After stabilizing the company's finances and consolidating divisions in 2004, Albertsons acquired Shaw's Supermarkets and Star Market from Sainsbury's for $2.5 billion.[46] Albertsons also purchased Bristol Farms for $135 million.[47] During the same time, Albertsons exited the markets of Omaha,[48] where it closed or sold 21 stores, and New Orleans, Louisiana, where it closed seven, selling four to A&P, which converted them to Sav-A-Center.[49]

A typical Albertsons in Boise, Idaho, in June 2007 (Store #162)

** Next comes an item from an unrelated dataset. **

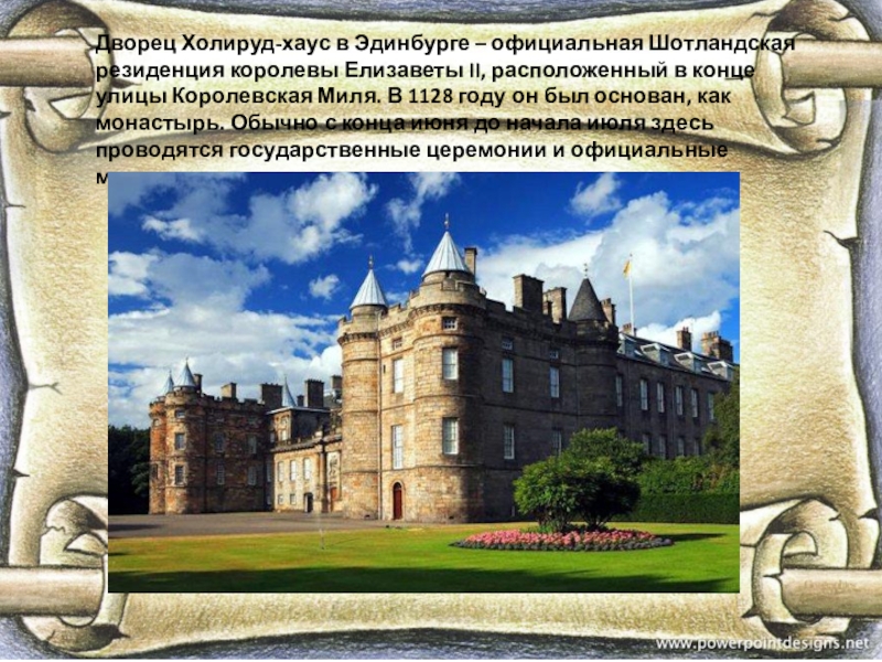 Слайд 15Дворец Холируд-хаус в Эдинбурге – официальная Шотландская резиденция королевы Елизаветы II, расположенный

Sale to Cerberus and SuperValu

Despite this, the acquisition spree had caused significant problems for Albertsons, Inc. Many of the acquired chains had systems that did not mesh well with Albertsons. Financing those acquisitions required Albertsons Inc. to take on significant debt. Added to those problems were significant changes in consumer buying patterns, including new competition from large discounters such as Walmart and Costco that impacted sales.

After several assessments of the company and months of rumors, it was announced on January 23, 2006, Albertsons, Inc. was to be sold to a consortium of companies. SuperValu would take the bulk of the company including the brand names and what was considered to be the stronger divisions, including 3 Albertsons divisions: the Southern California division (Southern California; Southern Nevada; along with stores in Hanford and Tulare, in Northern California), the Northwest division (Oregon except Ontario, Washington State, and the Idaho Panhandle), and the Intermountain division (Southern Idaho; Elko, Nevada; Utah; Jackson and Rock Springs, Wyoming; Montana; Ontario, Oregon; and North Dakota) as well as the ACME, Bristol Farms, Jewel-Osco, and Shaw's Supermarkets and Star Market brands.[50] This acquisition would also lead to SuperValu gaining access to over 100 Albertsons Express fuel centers.[31]

CVS would acquire 702 stand-alone Osco and Sav-on Drug stores and converted them to CVS Pharmacy stores. They also closed about 100 of the 702.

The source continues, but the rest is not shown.